К сожалению, я никак не мог уснуть. В четырех шагах от моей вязанки соломы лежала дохлая кляча. Судя по ее виду, она лежала уже не меньше двух недель и наполовину разложилась. Вдобавок позади нас стояла немецкая батарея гаубиц и каждые 15 минут посылала по два снаряда над нашими головами в темную ночь. Воздух наполнялся воем и визгом, а затем вдали слышались 2 глухих разрыва. Все прислушивались к ним. Мы ведь слышали все это впервые в жизни. И вот пока мы лежали вповалку и тихонько перешептывались, глядя в звездное небо, вдали начался какой-то шум, потом он приблизился, залпы пушек стали все чаще и в конце концов слились в сплошной гул. Каждого из нас этот гул пробирал до печенок. Говорили, что англичане пошли в ночную атаку. Мы испуганно ждали, не зная, что же, собственно говоря, происходит. Потом все успокоилось, и в конце концов адский шум прекратился, лишь наша батарея каждые 15 минут посылала в ночь свой стальной привет. Утром мы обнаружили большую воронку от снаряда.

После долгих усилий кляча нашла в ней свой последний покой. Только мы собрались устроиться поудобнее, как в 10 часов снова тревога. Спустя 15 минут мы вышли. После долгих мытарств добрались до разбитого крестьянского подворья и устроили привал. Той ночью мне пришлось стоять на часах. В час ночи снова объявили тревогу, и в 3 часа мы двинулись маршем. Перед этим пополнили боеприпасы. Пока мы ожидали приказа двигаться вперед, мимо нас проехал на коне майор граф Цех: завтра мы идем в атаку на англичан. Все радуются: наконец-то.
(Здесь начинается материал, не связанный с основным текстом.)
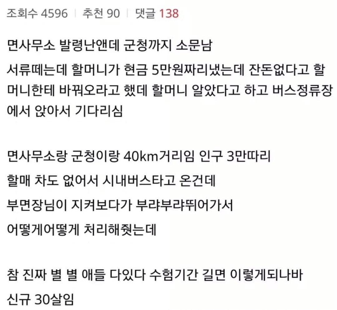 다행히도 이를 지켜보던 부면장님이 부랴부랴 뛰어가 할머니를 모시고 와 서류 발급은 무사히 마쳤다고 한다.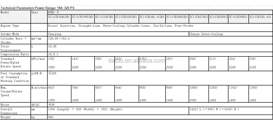 The parts are *** metricated. Compared with the C6121 engine, the upgraded SC11CB engine maintains the consistent overall installation dimensions and the consistent interchangeable peripheral quick-wearing parts, and may be metricated by screws, easy for user to use pumps and nozzles with large quantity and large area. Its spare parts and accessories can be found anywhere and its air passage on the cylinder cover, camshaft molded lines and combustor have all been improved.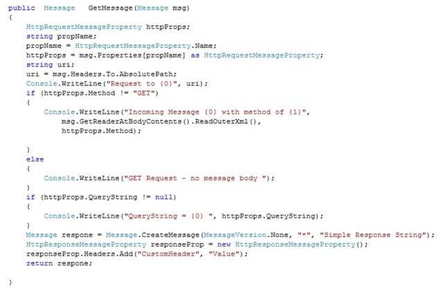 26 Console.WriteLine(“Incoming Message {0} with method of {1}”,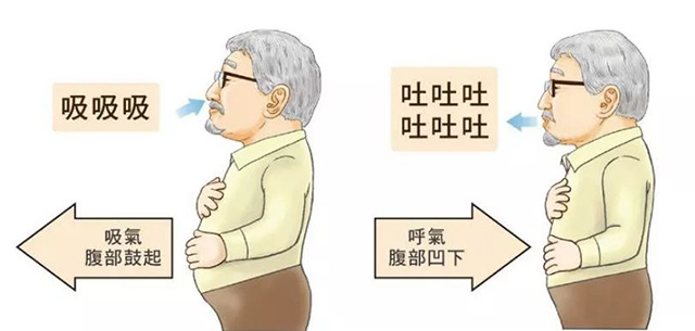 吸氣時(shí):采取仰臥或舒適的坐姿,可以把一只手放在腹部肚臍處,放松全身,先自然呼吸,然后吸氣,最大限度地向外擴(kuò)張腹部,使腹部鼓起,胸部保持不動(dòng)。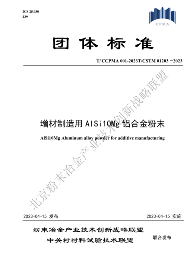 近日,由有研增材技術(shù)有限公司牽頭、聯(lián)合增材制造產(chǎn)業(yè)鏈上下游其他五家單位共同制定的團(tuán)體標(biāo)準(zhǔn)《增材制造用AlSi10Mg鋁合金粉末》(標(biāo)準(zhǔn)號(hào):T/ CCPMA 001-2023T/CSTM 01203—2023)榮獲2024年度中關(guān)村材料試驗(yàn)技術(shù)聯(lián)盟標(biāo)準(zhǔn)創(chuàng)新貢獻(xiàn)獎(jiǎng)一等獎(jiǎng)。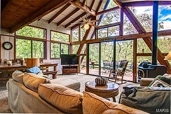 Beautiful lakefront timberline-style chalet nestled on 1.02 private acres of gorgeous hardwoods with level access to Teal Lake. This chalet boasts a recently expanded kitchen open to the large great room, which is wrapped in floor-to-ceiling windows with a wood burning stove - all opening to a fantastic wraparound deck. The master suite leads to a covered portion of the deck letting you enjoy the outdoors rain or shine. With two large bedrooms, an expanded sleeping loft and 2 full baths, there is plenty of room for family and friends. Just a couple steps off the deck and you could be fishing or swimming off the private lakeside dock or lighting a fire in the fire pit. On sewer with washer-dryer hookups, dishwasher, golf cart storage shed and so much more. Fabulous location just minutes to the beaches on Lake Aspen, close the restaurant, golf course and tennis courts.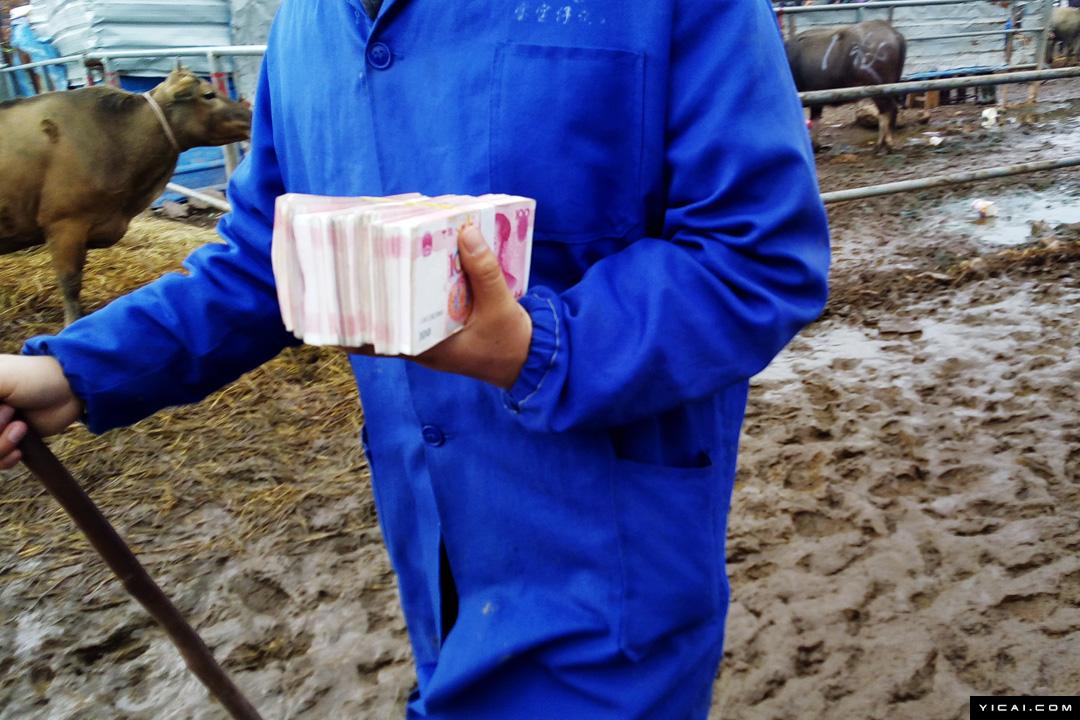 金華牛市有“華東第一牛市”的稱號,長三角地區的牛,多是這里交易。通常一個交易日,幾千頭牛。在牛市交易過程中,活躍著一個特殊的職業群體——牛經紀人,一頭牛多重,值多少錢?買賣雙方不是靠秤,而是靠經紀人來估。圖為一名牛市經紀人手持大額現鈔,牛市交易雙方基本依靠現金。",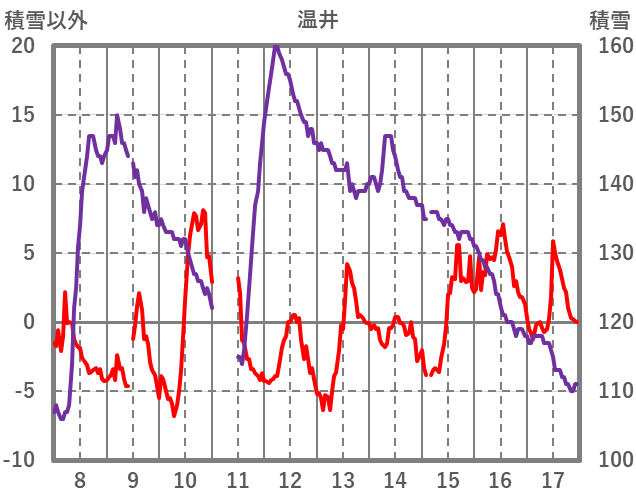 | 日 | 時 | 気温 | 降水 | 風向/風速 | 日照 | 積雪 | 降雪 |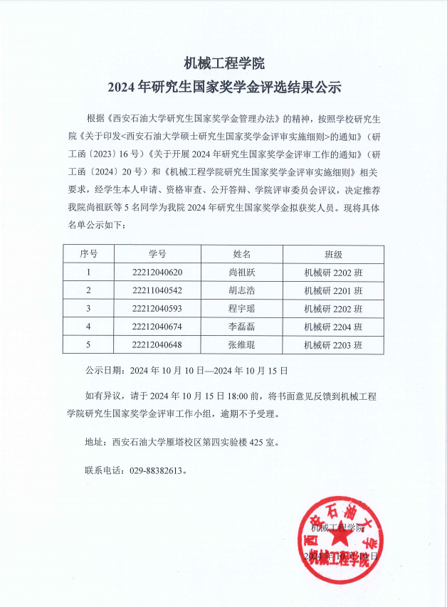 yl8cc永利官网2024年研究生国家奖学金评选结果公示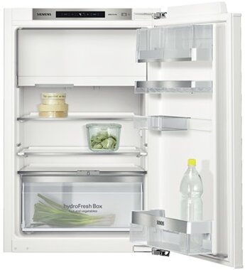 Siemens KI22LAD30. Bauform: Eingebaut, Produktfarbe: Weiß, Türanschlag: Rechts. Netto Gesamtkapazität: 124 l, Klimakategorie: SN-ST, Geräuschpegel: 37 dB. Kühlschrank - Nutzinhalt: 109 l, Lampentyp: LED. Gefrierfachposition: Oben, Gefrierfach - Nettokapazität: 15 l, Gefriervermögen: 2,4 kg/24h. Energie-Effizienzklasse: A++, Anschlusswert: 90 W, Jährlicher Energieverbrauch: 149 kWh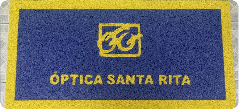 Localizada no centro de Campinas/SP a Óptica Santa Rita adquiriu um Tapete de Vinil Personalizado no tamanho de 1,20 x 0,60 para a entrada da loja, a combinação de cores deu ainda mais destaque ao logotipo valorizando a marca!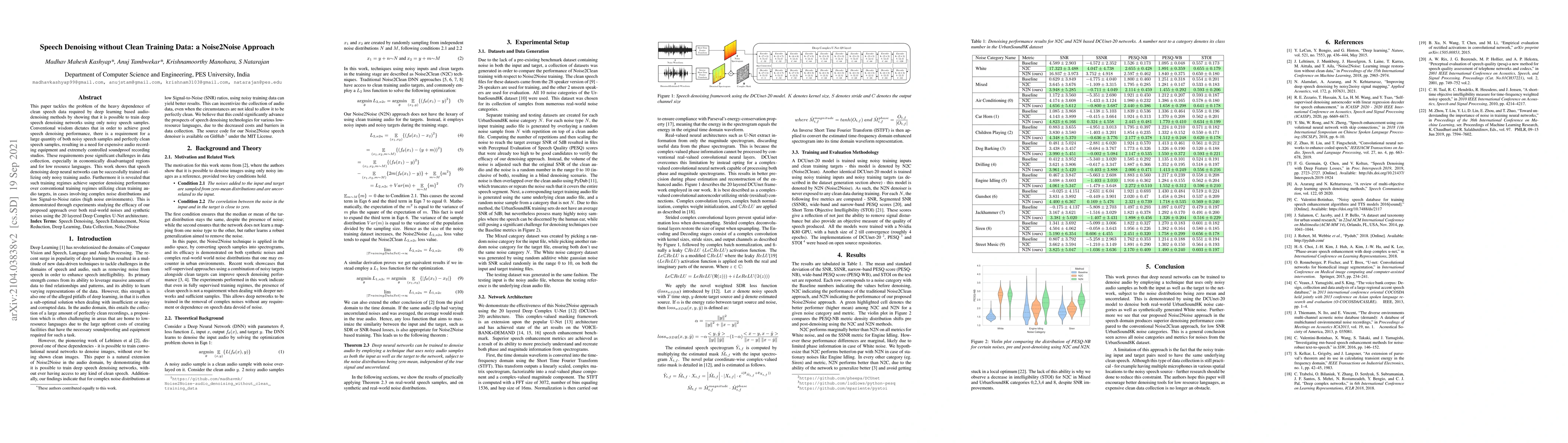 This paper tackles the problem of the heavy dependence of clean speech data required by deep learning based audio-denoising methods by showing that it is possible to train deep speech denoising networks using only noisy speech samples. Conventional wisdom dictates that in order to achieve good speech denoising performance, there is a requirement for a large quantity of both noisy speech samples and perfectly clean speech samples, resulting in a need for expensive audio recording equipment and extremely controlled soundproof recording studios. These requirements pose significant challenges in data collection, especially in economically disadvantaged regions and for low resource languages. This work shows that speech denoising deep neural networks can be successfully trained utilizing only noisy training audio. Furthermore it is revealed that such training regimes achieve superior denoising performance over conventional training regimes utilizing clean training audio targets, in cases involving complex noise distributions and low Signal-to-Noise ratios (high noise environments). This is demonstrated through experiments studying the efficacy of our proposed approach over both real-world noises and synthetic noises using the 20 layered Deep Complex U-Net architecture.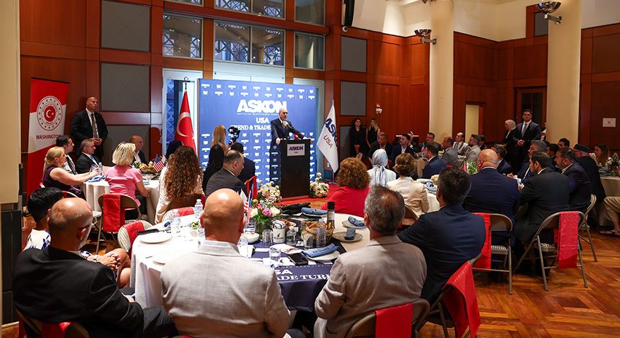 “Özellikle ticaret alanında Türkiye’nin ihracatında iki numara ABD’dir. Türkiye’nin ithalatında, ABD beş numaralı devlettir. Fevkalade yoğun bir ticari ilişkimizin olduğu, aşağı yukarı 38 milyar dolar civarında ikili ticaret hacmine sahip olduğumuz ABD ile olan ilişkilerimizin özellikle siz iş insanları üzerinden daha fazla kuvvetlendirmek durumundayız. İki ülke arasındaki bu ikili ticaret hacminin 100 milyar dolar seviyesine çıkması için iki tarafta da irade mevcuttur, bunun için yeterli potansiyel ortadadır. Bunun için gayret sarf edeceğiz.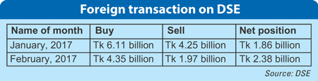 In February 2016, the overseas investors bought shares worth Tk 3.71 billion and sold shares worth Tk 2.76 billion to take their net investments to Tk 950 million.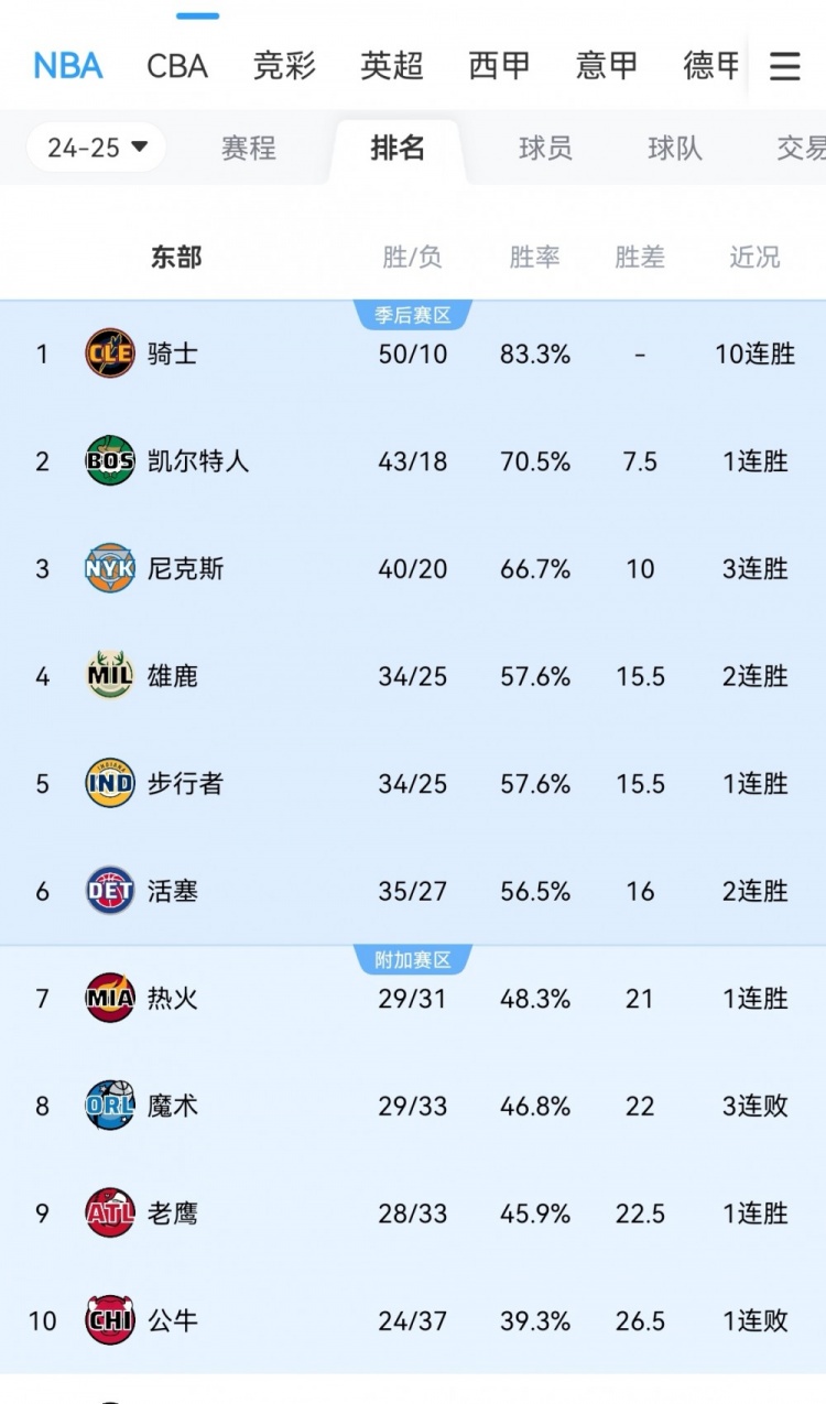 高歌猛进!活塞近11场赢了10场 稳居东部第6&和第4&第5都仅差半场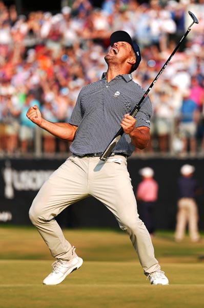 ウイニングパットを沈めて雄たけびを上げるデシャンボー(C)ロイター/USA TODAY Sports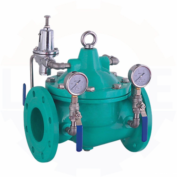 当阀门出口压力降到导阀弹簧设定压力时,导阀开启,控制室向下游排水。由于导阀系统排水量大于针阀的进水量,主阀控制室压力下降。进口压力使主阀开启。在稳定状态下,控制室进水、排水相同,主阀开度不变,出口压力稳定。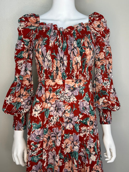 1970s Red Floral Maxi Dress, Jody T Size XS, Long Sleeve, Smocked Bodice, Full Skirt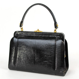 Borsa nera in pelle, cm 17x24x9,5, (difetti).
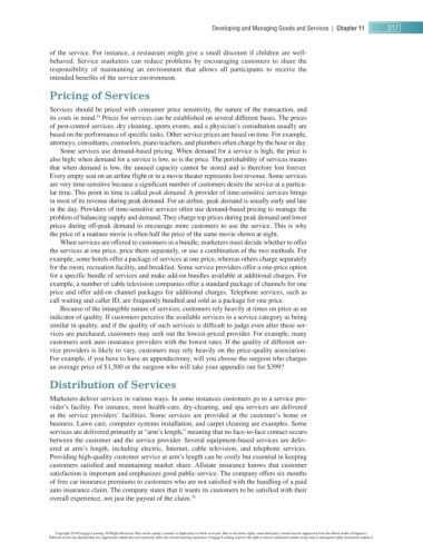 also high; when demand for a service is low, so is the price. The perishability of services means

Сделав это объявление, майор занял место во главе колонны и пошел пешком. В 6 часов утра мы около какой-то гостиницы встречаемся с другими ротами, а в 7 часов все и начинается. Мы повзводно проходим через расположенный справа от нас лес и в полном порядке выходим на луг. Перед нами вкопаны четыре орудия. Мы занимаем за ними позиции в больших окопах и ждем. Над нами уже свистит первая шрапнель и срезает деревья на опушке, как соломины. Мы с любопытством глядим на все это. У нас еще нет настоящего чувства опасности. Никто не боится, все ждут команды "в атаку". А дела становятся все хуже. Говорят, что уже есть раненые. Слева появляются 5 или 6 молодчиков в мундирах цвета глины, и мы вопим от радости. 6 англичан с пулеметом. Мы смотрим на конвоиров. Они гордо шагают вслед за своей добычей, а мы все еще ждем и почти ничего не можем рассмотреть в адском дыму перед нами. Наконец команда "вперед!" Мы рассыпаемся цепью и мчимся по полю в направлении небольшого хутора. Слева и справа разрывается шрапнель, свистят английские пули, но мы не обращаем на них внимания. Залегаем на десять минут, а потом опять вперед. Я бегу впереди всех и отрываюсь от взвода. Тут сообщают, что подстрелили взводного Штевера. "Вот так дела", — успеваю я подумать, и тут начинается. Поскольку мы находимся посреди открытого поля, нужно как можно быстрее бежать вперед. Капитан бежит впереди. Теперь уже падают и первые среди нас. Англичане направили на нас огонь пулеметов. Мы бросаемся на землю и медленно ползем по канаве.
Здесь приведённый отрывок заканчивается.